| Weight | 450 g |
|---|---|
| Dimensions | 22.5 × 16 × 2 cm |
| Publisher | Dev Pub & Dist |
| ISBN | 9789394852297 |
| Language | English |
| Edition | First |
The Highlands of Central India: Notes on their Forests and Wild Tribes, Natural History and Sports (Revised, newly composed text edition) | with a Map of the Central Indian Highlands
People commonly talk of the ‘hills’ and the ‘plains’ of India, meaning by the former the great Himalayan range, and by the latter all the rest of the country. Much of this has really been owing to the unexplored and undescribed condition of such regions, but something also to the overwhelming prominence of the great northern range, which rivets the attention of teachers of geography and their pupils, and also, from the exigencies of the art of cartography, renders it almost impossible to delineate on ordinary maps of India the features of inferior ranges. In the very centre of India there exists a considerable region to which the term Highlands, which the author has adopted for the title, is strictly applicable; and in which are numerous peaks and ranges, for which the term “mountain” would, in any other country, be used. Several of the great rivers of India have their first sources in this elevated region, and pour their waters into the sea on either side of the peninsula— to the north the Són commingling with the Ganges, to the east the Mahánadi, flowing independently to the Bay of Bengal, to the south some of the principal feeders of the Godávari, and to the west the Narbadá and the Tápti, taking parallel courses to the Arabian Gulf. It forms the central and culminating section of a ridge of elevated country which stretches across the peninsula, from near Calcutta to near Bombay, and separates Northern India, or Hindostan proper, from the Deccan, or country of the south.

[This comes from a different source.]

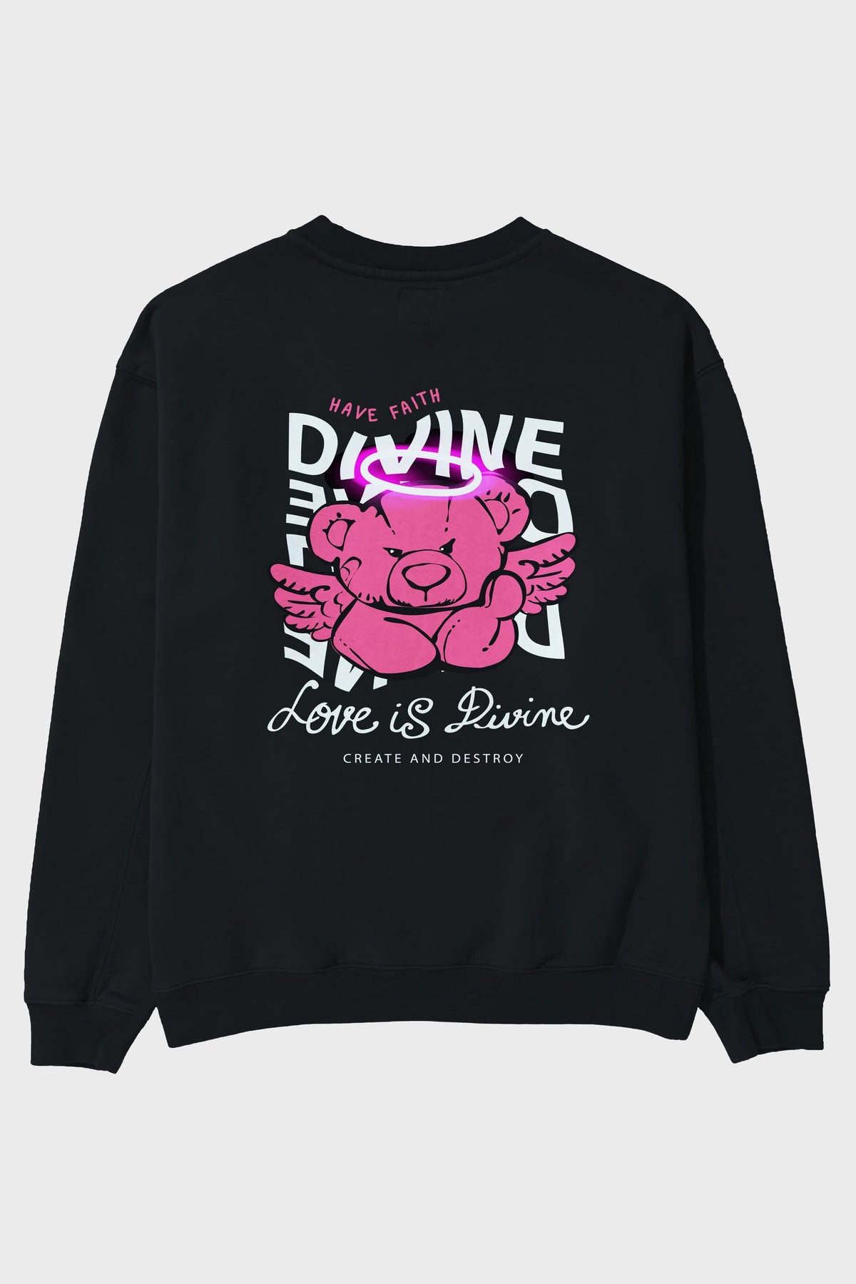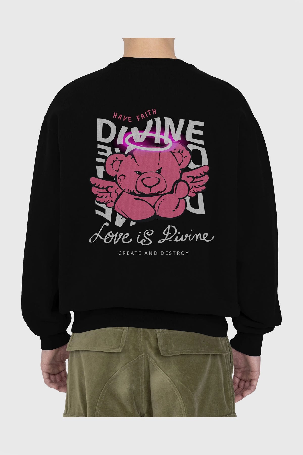 Love is Divine Bear Arka Baskılı Oversize Sweatshirt Erkek Kadın Unisex

The traveller by the new Great Indian Peninsular Railway from Bombay to Calcutta, after some 275 miles of his journey, will come to a point where the line branches into two. The northern branch leads him up the Narbadá valley, and so, by Alahabád and the Gangetic valley, to the City of Palaces. If he takes the southern branch instead, he will be landed at Nágpúr, a city in the very heart of India, and its present terminal station.